A resposta para a pergunta acima é a seguinte: não há sexo virtual 100% seguro. A partir do momento que você compartilha qualquer conteúdo desse tipo precisa estar ciente que há riscos. Diretor de educação da SaferNet, Rodrigo Nejm explica que costumamos ignorar o fato de que sempre há rastros digitais.
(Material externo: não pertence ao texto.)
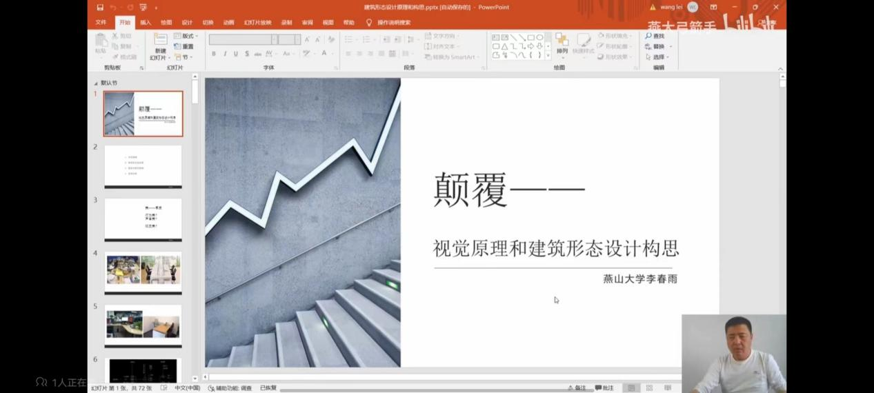 12月12日晚6点30分,“通观”——基础教学部系列学术线上讲座第一百二十期《视觉原理和建筑形态构思》顺利举办。本次讲座由燕山大学建筑工程与力学学院讲师李春雨主讲,基础教学部全体学生认真观看了讲座。
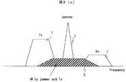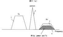 送信信号1の周波数をftx、妨害信号3の周波数をfjamとすると、受信チャネルに生じる送信信号1と妨害信号3による相互変調妨害4の周波数fiは、式(1)となる。

– Sem a pessoa perceber, a foto que foi enviada tem backups automáticos. Fica salva na memória do celular, na sua conta Google ou iCloud, está na nuvem. Você vai estar sempre correndo risco – avalia o especialista da organização com foco na defesa dos direitos humanos na internet no Brasil – Não é estranho aumentar o compartilhamento do conteúdo íntimo na quarentena. O problema é que vem junto o aumento da exposição não autorizada, violência que ataca muito mais mulheres e meninas do que homens.
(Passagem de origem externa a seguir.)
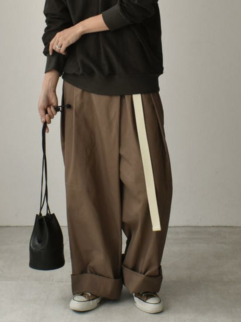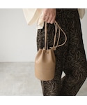 Lavish Gateのショルダーバッグ「bag2-02508 エコレザー ミニ巾着バッグ ブラック エクリュ モカベージュ」を使ったコーディネート

A SaferNet registrou, em abril deste ano, 123 pedidos de ajuda relacionados ao vazamento de nudes – um aumento de 156% em relação ao mesmo período do ano passado. Das vítimas que buscaram orientação, 70% eram mulheres. Apesar de não garantir imunidade total, há alguns passos que podem ser seguidos para tentar proteger seus dados no sexting. Confira as dicas de Rodrigo Nejm, da SaferNet:
Identidade preservada
Como já destacaram as sexólogas, não mostrar rosto, tatuagem ou marca de nascença ajuda a evitar o reconhecimento caso as imagens sejam vazadas. Esse é o passo básico. Outra dica é manter um controle das pessoas para as quais você enviou as imagens. Ou seja: evite compartilhar a mesma foto com pessoas diferentes. Assim, fica mais fácil de rastrear a fonte caso o conteúdo seja disponibilizado na internet sem autorização.
App criptografado
Usar aplicativos com criptografia é um bom caminho. WhatsApp e Telegram contam com o sistema, e isso dificulta o roubo de conteúdos.
Rede segura
É importante não usar redes públicas, pois são mais vulneráveis a ataques. Opte por redes pessoais com senha. Além disso, também é preciso ter senhas fortes em suas contas, como a do Google ou do iCloud. Mesmo que você não tenha compartilhado suas fotos íntimas com alguém, caso um invasor tenha acesso a sua conta verá fotos nunca publicadas. Ativar a verificação desses sistemas em etapas também ajuda.
Pastas secretas
Se você mantém um arquivo de fotos íntimas em um pendrive, no computador ou em um HD, faça a criptografia da pasta. Não é difícil: uma busca simples no Google explica como criar uma senha de acesso para o conteúdo. Lembre que você pode ter a conta invadida, perder o celular ou ter o aparelho roubado.
Peça ajuda
O vazamentos de fotos e vídeos íntimos sem autorização já é crime previsto em lei. É preciso ir até a delegacia e fazer um boletim de ocorrência. Em alguns casos, é possível solicitar a remoção de conteúdo até mesmo antes da ordem judicial. Para orientar as vítimas, a SaferNet mantém um canal aberto em new.safernet.org.br.